One of the biggest concerns is financial performance. Some foundation leaders, for instance, worry impact investments lead to so-called concessionary returns, where a market rate of return is sacrificed to achieve a social or environmental benefit. Those investments exist, but there are also plenty of options that offer financial returns.

The authors make a case for foundations to “go big,” into impact to realize the best outcomes, and to take a portfolio approach, meaning integrating impact principles into how they approach all investments. To make this happen, foundations need to incorporate impact into their investment policy statements, which determine how they allocate assets.

It will be difficult for foundations that want to shift their assets to impact to pull out of investments such as private-equity or venture-capital funds that can have holdings periods of a decade. But with a policy statement in place, a foundation’s investment team can reinvest this long-term capital once it is returned into impact investing options, she says.

“The transition doesn’t happen overnight,” Reddy says. “Even if there is a commitment for an established foundation that is already fully invested, it takes several years to get there.”

The Skoll Foundation, established in 1999, revised its investment policy statement in 2006 to incorporate impact. According to the report, the foundation initially divested of investments that were not in sync with its values, and then gradually, working with Capricorn Investment, began exploring impact opportunities mostly in early-stage companies developing solutions to climate change.

“As the team gained more knowledge and experience in this work, and as more investment opportunities arose, the impact-aligned portfolio expanded across different asset classes, issue areas, and fund managers,” the report said.

As of 2022, 70% of the Skoll Foundation’s assets are in impact investments addressing climate change, inclusive capitalism, health and wellness, and sustainable markets.

Capricorn, which manages US$9 billion for foundations and institutional investors through impact investments, constructs portfolios across asset classes. In private markets, this can include venture, private equity, private credit, real estate, and infrastructure. There are also impact options in the public markets, in both stocks and bonds.

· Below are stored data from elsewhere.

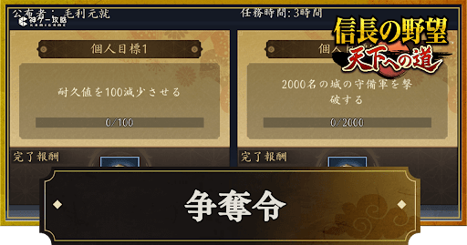 争奪令では、報酬付きの全体目標を設定できる。争奪令には包囲値や耐久を削るなど、攻城戦に必要な要素で目標が設定されており、クリアすると戦功を追加で獲得可能だ。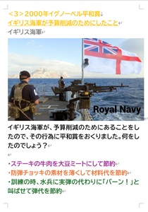 イギリス海軍が、予算削減のためにあることをしたので、その行為に平和賞をおくりました。何をしたのでしょう?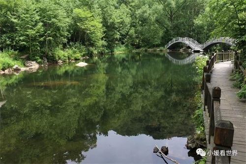 这里是景区内我最喜欢的景色之一,湖水清澈见底,与远处的拱桥相呼应,很大限度保留了森林的原始程度。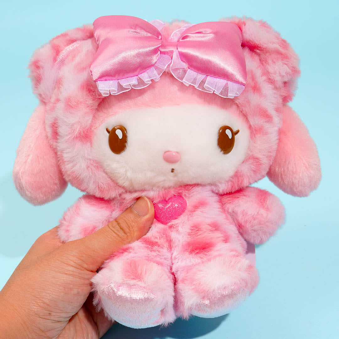 Have fun dressing up with this super kawaii My Melody plushie. This cutie from Sanrio's Gyaru Kuma series is dressed up as a leopard bear! You can't remove the hoodie or the heart parts on this medium-sized stuffed toy's chest.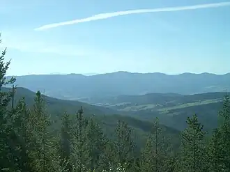 The Kettle River range has a documented history of large wildfires over the past century. Colville National Forest records attribute the smaller fire seasons in the early 1900s to wet summer conditions preventing larger conflagrations, and larger fire seasons such 1910, 1914, and 1920, to dry conditions.[20] 1929 saw abnormally dry conditions across the region, the daily high winds blowing from the south exacerbating the 6% to 10% ambient humidity.[20] Started on the eastern slope of the Kettle Range, the area of Boulder Creek south to around 12 mi (19 km) north of the Colville Reservations northern border was burned in the massive Dollar Mountain Fire[21][2] which destroyed an low estimate of 98,000 acres (40,000 ha)[20] or up to 142,000 acres (57,000 ha).[22] The fire was finally extinguished in late fall of 1929.[20]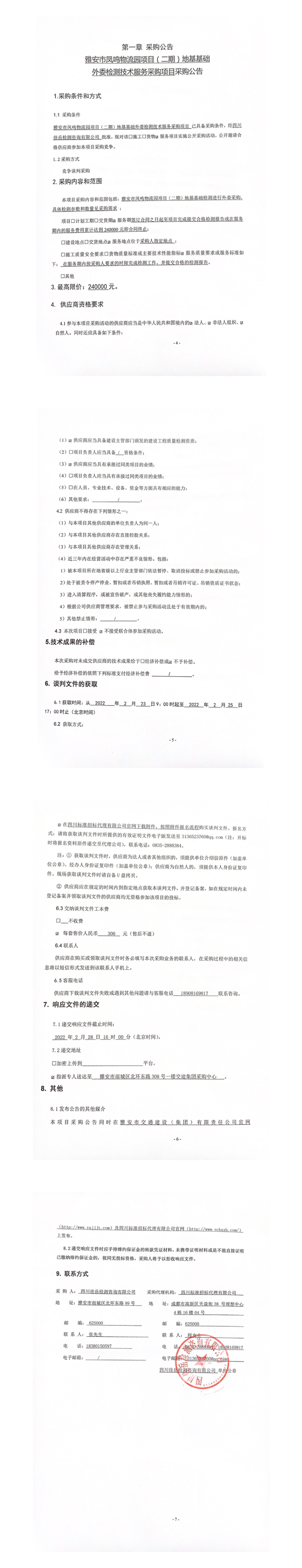 四川佳岳檢測(cè)咨詢有限公司雅安市鳳鳴物流園項(xiàng)目(二期)地基基礎(chǔ)外委檢測(cè)技術(shù)服務(wù)采購(gòu)項(xiàng)目采購(gòu)公告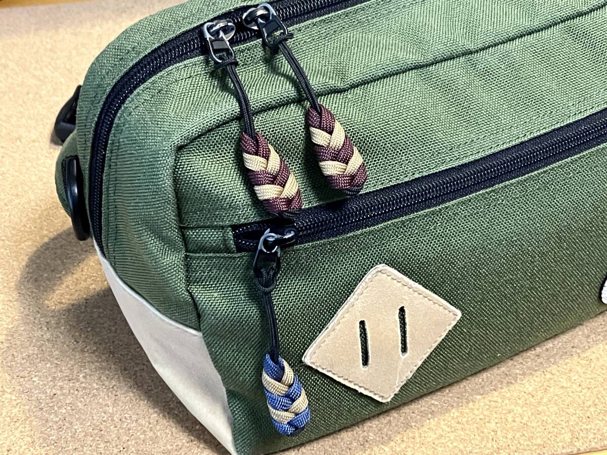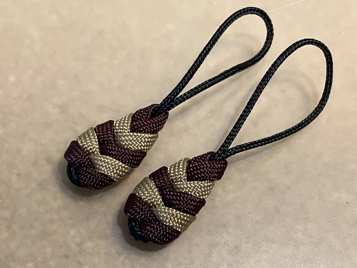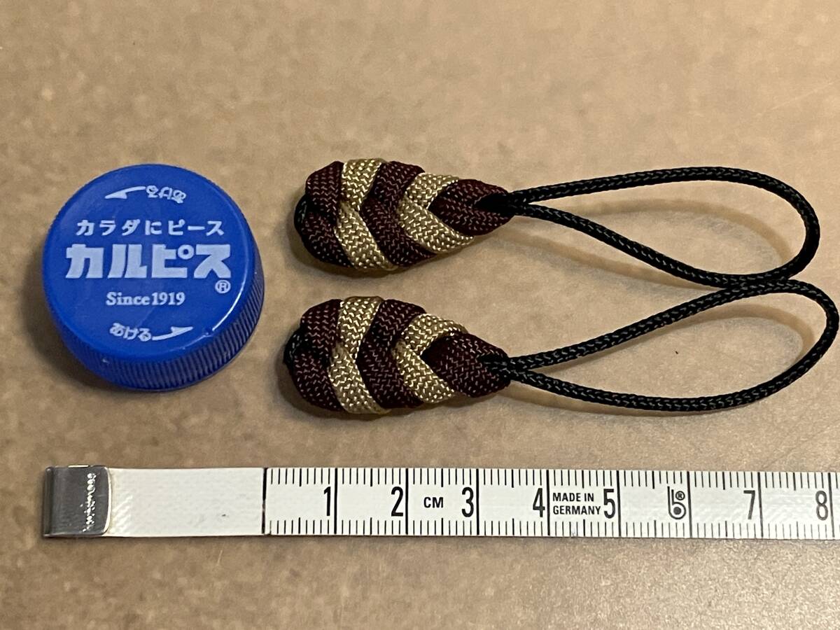 通常のパラコード製ジッパータブは、軸線と巻線が同一の太さで作られたものが多いですが、これは軸紐に細めの紐を使用した、月寅次郎のオリジナル品です。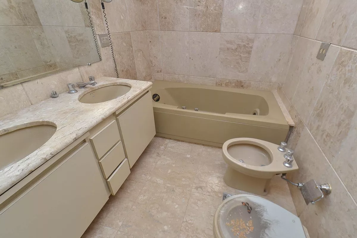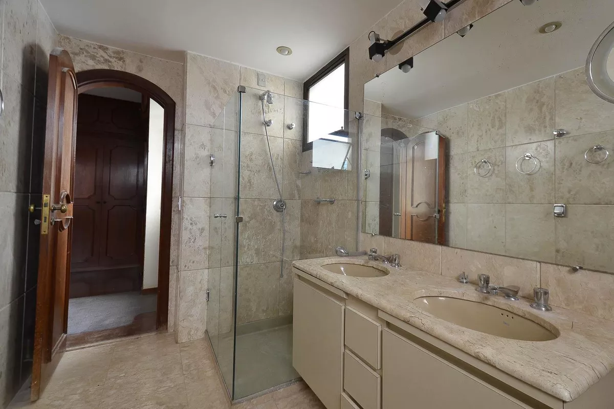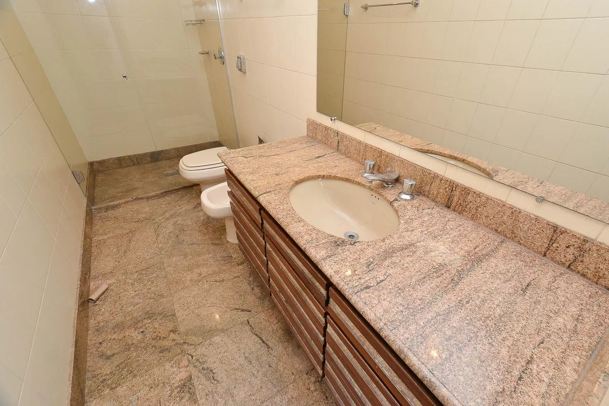 Apartamento com área de 300m², sala ampla para 02 ambientes com piso em tábua corrida de madeira, teto com rebaixamento em gesso, iluminação planejada e varanda com piso em ardósia, sala de jantar ampla com piso em tábua corrida de madeira, teto com rebaixamento em gesso e iluminação planejada, lavabo com bancada em granito, 04 quartos amplos, todos com piso em tábua corrida e armários, sendo 02 suítes com bancada em granito, espelho, armários planejados, bidê e box em blindex, banheiro social com bancada em granito, espelho, armários planejados, bidê e banheira, cozinha ampla com piso e bancada em formato de L em granito e armários planejados, área de serviço e banho de serviço.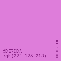 Цвет #DE7DDA в цветовой модели RGB обозначается тремя октетами (222, 125, 218) в десятичном формате и #DE7DDA в шестнадцатиричном (hex) формате, которые являются интенсивностью красного 222 (hex DE), интенсивность зелёного 125 (hex 7D) и интенсивность синего 218 (hex DA).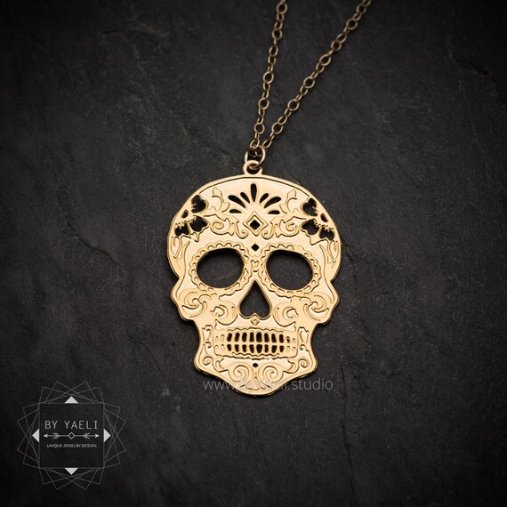 Sugar skull necklace, day of the dead Gothic jewelry. by ByYaeli syndicated from https://www.etsy.com/shop/byyaeli/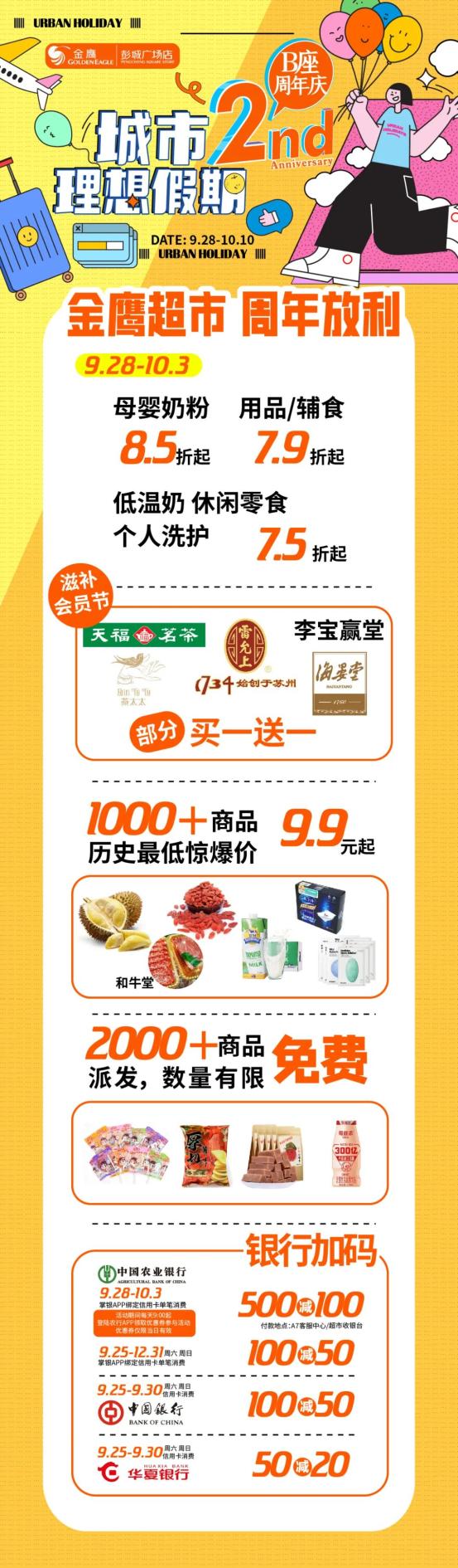 都说生日要有仪式感,没错,此次B座2周年生日趴,金鹰超市超多福利全城发放!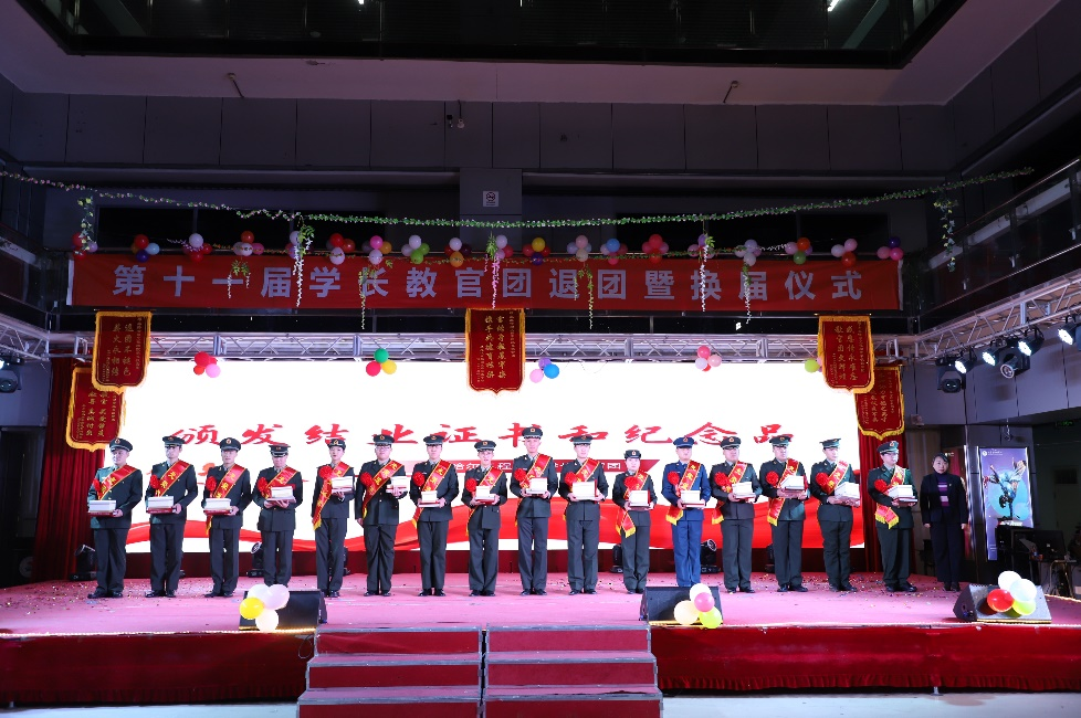 时光只解催人老,第十一届学长教官也迎来了自己的退团仪式。在观看往届退团教官录制的祝福视频后,退团教官们分享了自己在这段特殊旅程中的感悟和成长,传递着对他们的未来期许。随后,退团教官分别发言,他们表达了对学长教官团这个大家庭的不舍,在学长教官团成长的三年里他们得到的不仅仅是体魄上的强健,更有来自“亮剑”精神的淬炼与磨砺。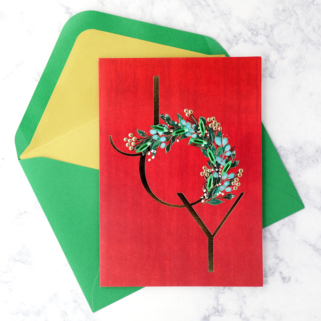 Handmade "Joy" Wreath Holiday Boxed Cards (Set of 8)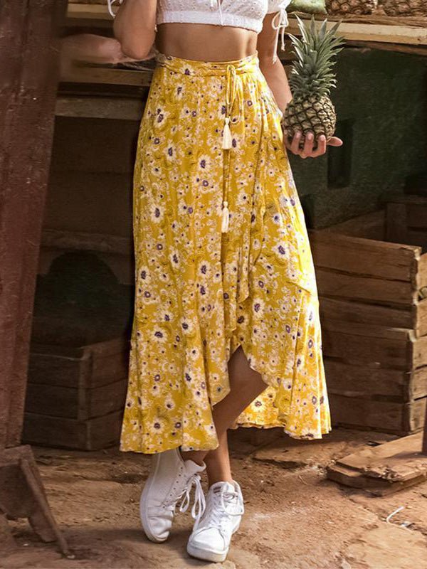 Women's Skirts Floral Print Irregular Ruffle Skirt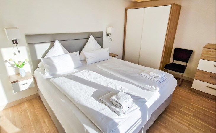The Garden Suite is a very special, bright and sunny apartment, as it is located in the side wing of the listed building. It is one of the very few apartments with windows on three sides, so that it is flooded with light from morning to evening. You can admire the view of the greenery to the north, west and south. The apartment is on the 2nd floor and is particularly quiet and private as there are no direct neighbours. Here you can relax from the first minute of your holiday and simply feel at home. The well-equipped kitchen also leaves nothing to be desired and invites you to enjoy cooking evenings with your loved ones. Coffee lovers will certainly enjoy the Nespresso machine provided (please bring your own capsules).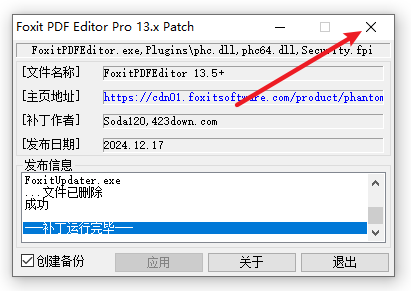 11.提示“补丁运行完毕”,点击右上角的关闭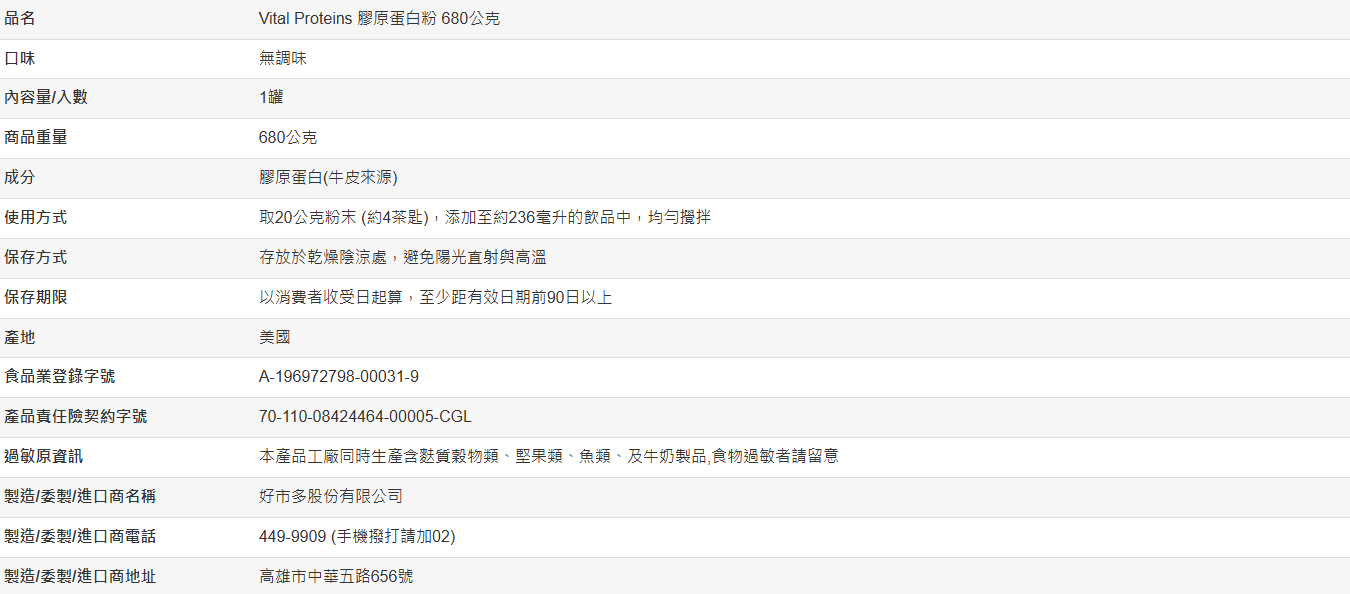 • 每1公克粉末含1公克膠原蛋白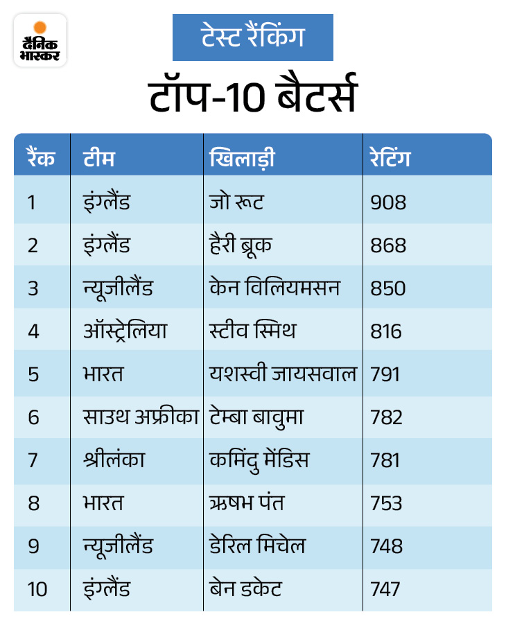 टेस्ट बैटर्स की रैंकिंग में गिल ने सऊद शकील को पीछे छोड़ा टेस्ट बैटर्स की रैंकिंग में भारतीय कप्तान शुभमन गिल ने पाकिस्तान के सऊद शकील को पीछे छोड़ दिया है। गिल 733 रेटिंग पॉइंट्स के साथ 12वें स्थान पर हैं, जबकि सऊद शकील 727 अंक के साथ 13वें स्थान पर हैं। इस लिस्ट में मोहम्मद रिजवान (684 अंक) को 4 और बाबर आजम (654 अंक) को 2 अंक का फायदा हुआ है। इंग्लैंड के जो रूट (908 अंक) टॉप पर कायम हैं।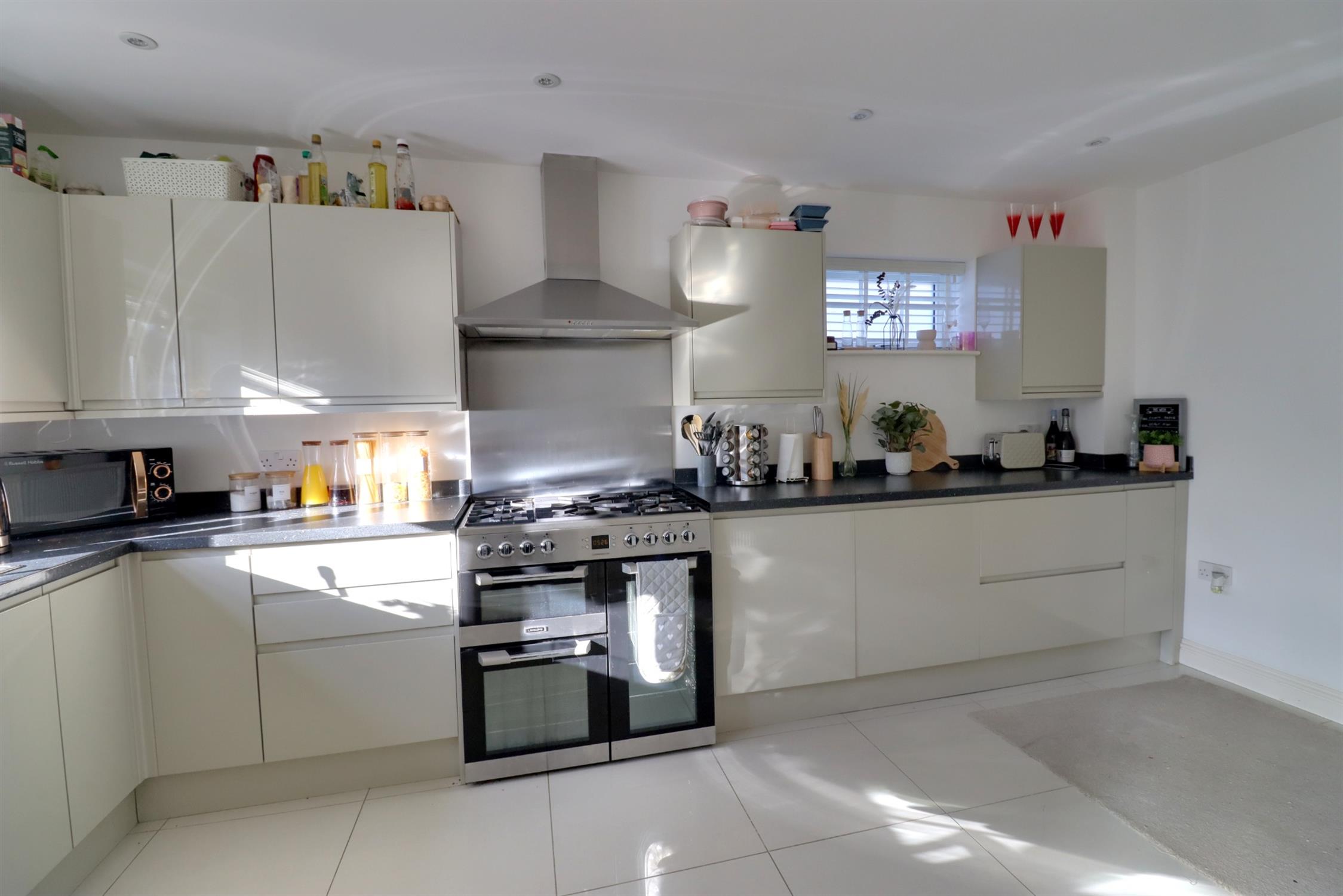 Fitted with a range of wall cupboards and base units to match, laminate worktops, double glazed windows to the front and side aspect, smooth ceiling, spot lighting, radiator, tiled flooring, one-and-a-half bowl stainless steel sink with mixer tap and drainer, built-in fridge and freezer, dishwasher and extractor hood, and a range style cooker.
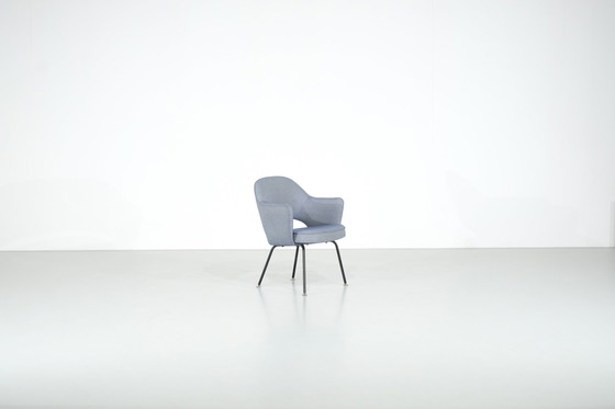 No. 71 "Conference" model armchair in blue fabric on black metal frame. This chair comes directly from the IBM offices with a plaque and the Knoll International LTD New-York label. Designed by Eero Saarinen for Knoll International, USA 1957. Designer - Eero Saarinen. Producer - Knoll International. Model - Conference No 71 . Production period - 1970s. Dimensions - Width 67 cm x Depth 60 cm x Height 80 cm. Materials - Fabric, metal. Color - Blue, White, Black. Condition, comments - Good condition, a few scratches. Slight wear from age and use (see photos). If you have any further questions or need more photos, please don't hesitate to contact me. For a shipping quote, please contact me.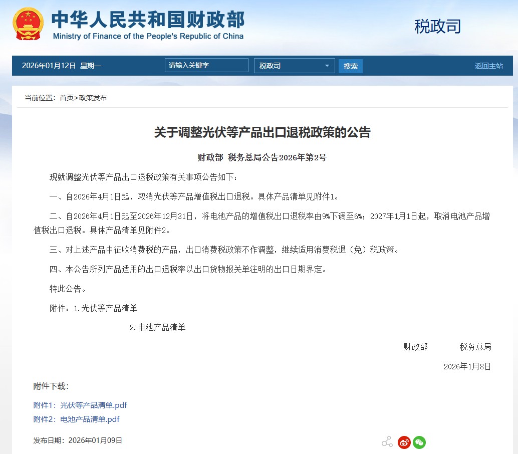 1月9日,财政部、税务总局发布《关于调整光伏等产品出口退税政策的公告》,宣布自2026年4月1日起,取消光伏产品增值税出口退税。这意味着光伏的“退税补贴时代”即将结束。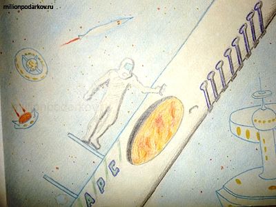 Рисуем сюжет из жизни космонавтов "Выход на орбиту космической станции". На обратной стороне пишем поздравление посвященное Дню Космонавтики. Открытка готова!

“Across the spectrum there are opportunities available now to do this in an authentic manner while preserving financial goals,” Reddy says.

Of the foundations surveyed, about 15, including Skoll, have 50% or more of their assets invested for impact. Others include the Lora & Martin Kelley Foundation, the Nathan Cummings Foundation, the Russell Family Foundation, and the Winthrop Rockefeller Foundation.

Though not part of the study, the California Endowment just announced it was going “all in” on impact. The organisation has US$4 billion in assets under management, which likely makes it the largest foundation to undergo the shift, according to Mission Investors Exchange.

Although the researchers looked at a fairly small sample set of foundations, Reddy says it provides data “that is indicative of what the foundation universe” might look like.

“We cannot tell foundations how to invest and that’s not the intent, but we do want to spread the message that it is quite possible to align their assets to impact,” she says. “The idea is that this becomes a boardroom conversation.”